An important distinction is made between systemic and non-systemic interventions… Systemic interventions are tasks and services – such as the reform of water user associations or the drainage of wetlands – that need to take account of the complexity of the ‘target system’. Non-systemic interventions are those that do not have to do that, such as simple construction tasks. This distinction results in the differentiation of groups of interventions… that call for different management approaches. In particular, it highlights a central separation between two types of systemic interventions.

First, there are interventions that lend themselves to in-depth analysis and the elaboration of solutions… by professional experts. Second, there are interventions that squarely confront the limits of expert advice. Here, attempts to assume the role of expert – who conceives ways to change or ‘improve’ a complex system – may even be counterproductive. Neglecting this crucial differentiation is one of the most frequent reasons for the management failures of interventions in agricultural water management.

The essential differences in management approaches required by the various types of interventions are specified and discussed. These reflections result in the grave observation that conventional project management approaches are not suitable for coping with complexity-oriented interventions. The paper presents different management models compatible with the different types of interventions.

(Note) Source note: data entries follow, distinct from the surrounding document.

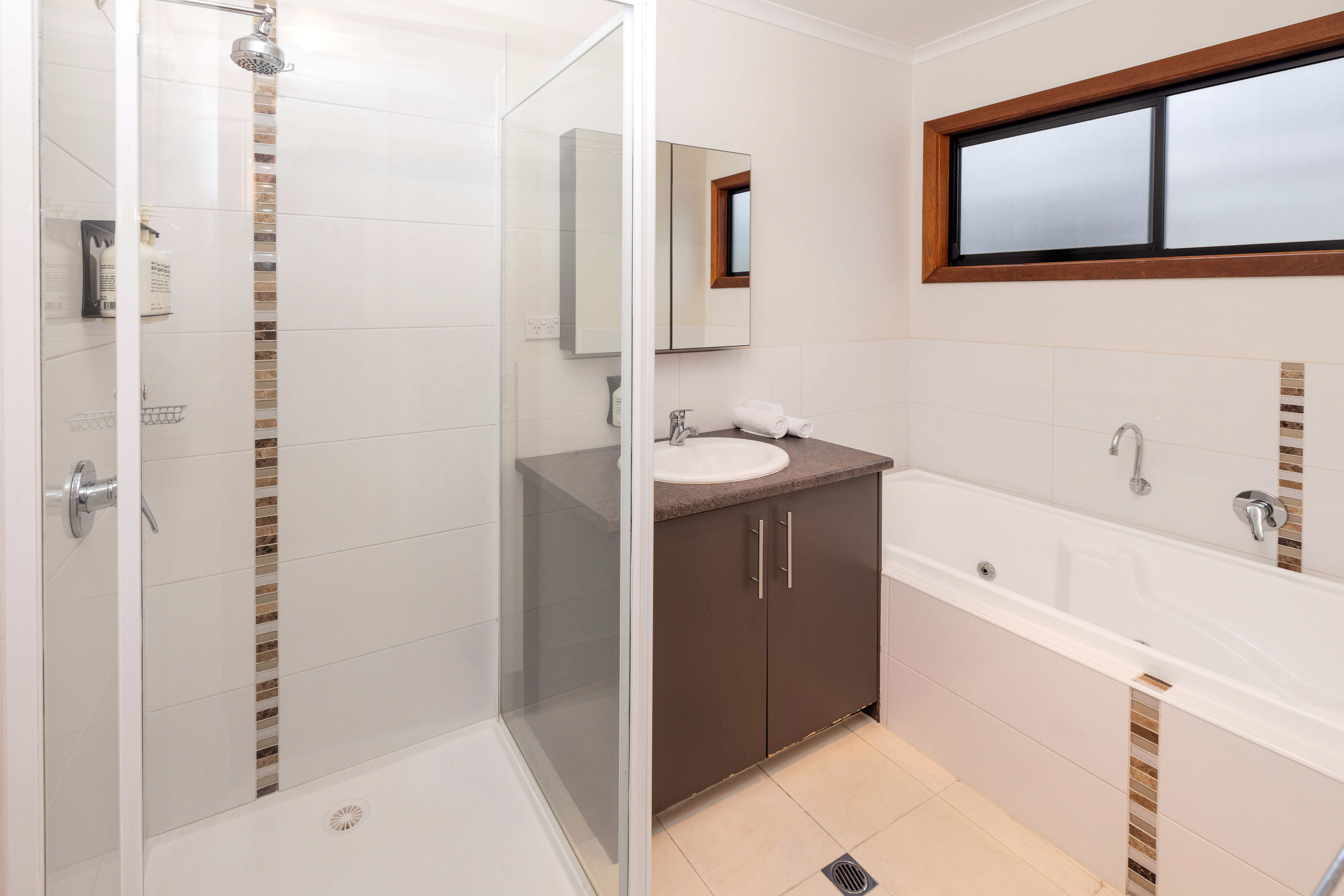 - Walk in shower and separate spa bath.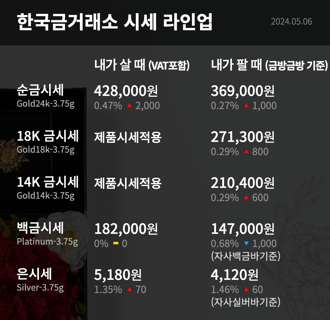 - 순금: 3.75g당 428,000원 (전일 대비 0.47% 상승)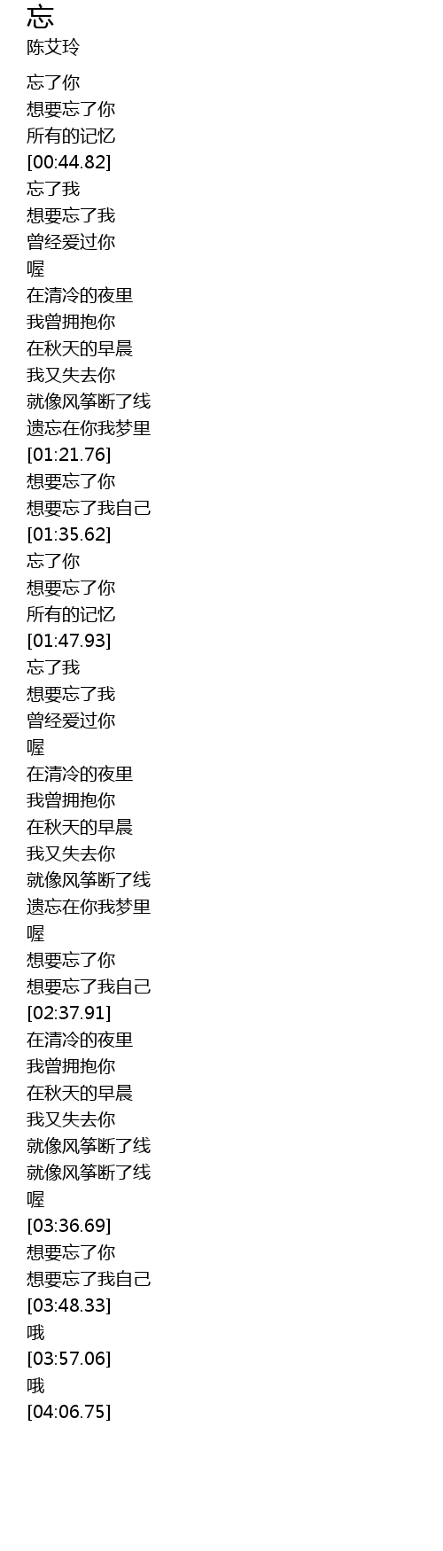 | [01:50.18] | 忘了我 |

Coping with complexity requires capacities of those involved that go beyond the usual disciplinary competence. The paper examines the professional capacities needed by those who provide agricultural water management interventions. Moreover, it draws attention to the special capacities that clients of systemic interventions must acquire if they are to retain ownership. This sheds light on the crucial difference between professional competence and complexity-related capability and on the consequences of ignoring it.

Agricultural water management practitioners face specific pitfalls when confronted with complexity. These relate to the inscrutable nature of complex systems, which tend to encourage opportunistic behaviour such as rent-seeking and corruption. These ‘principal-agent problems’ often result in the misallocation of scarce (water) resources and discriminate against poor rural people. The causes of such problems are described, together with ways of counteracting their emergence.

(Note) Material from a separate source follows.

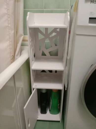 Посылка пришла целой, доставили быстро, продавец общительный собирается шкаф как пазл, затем закручивается саморезами с боков материал судя по всему-пластик, хотя напоминает картон(поймёте о чём я, если заказывать будете) шкафчик очень лёгкий, встал хорошо, размер очень удачный, достаточный, чтоб поставить всякие моющие средства не напрягаясь по прочности - тоже нормально, пластик не прогибается(но это не значит, что поставив 10кг вы не сломаете полочку) по поводу минусов: один из краёв "пазла" был разбит, но я аккуратно подровнял ножиком и всё нормально пришлось зашкурить края, потому что они были неровными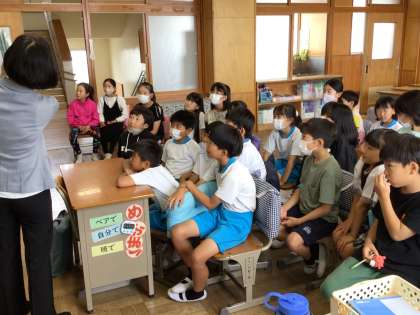 4年生になっても楽しみな読み聞かせ。今日は「シロクマのしゅくだい」「ぱんつさん」「あげる」を読んでいただきました。「あげる」は、色々な揚げ物のお話でした。びっくりな物がフライに?!

Agricultural water management systems are nested systems. They are embedded within and contain other complex systems. Moreover, they are highly context specific. Given the importance of institutions to the management of agricultural water, special attention is attached to the issue of specificity of institutional context. The paper presents a ‘quick and dirty’ approach to assessing different institutional contexts that can serve as a basis for strategy discussions… This is an important step when coping with complexity. It can help avoid intervention designs that are incompatible with the prevailing capacities and capabilities.

Finally, the main implications for IFAD are highlighted. A range of suggestions are put forward for future steps and initiatives on how to cope with complexity in agricultural water management. Considering the emerging problems of water scarcity, food security and impact of climate change, IFAD needs to embark on a process of adjusting its future operations in agricultural water management to deal with complexity.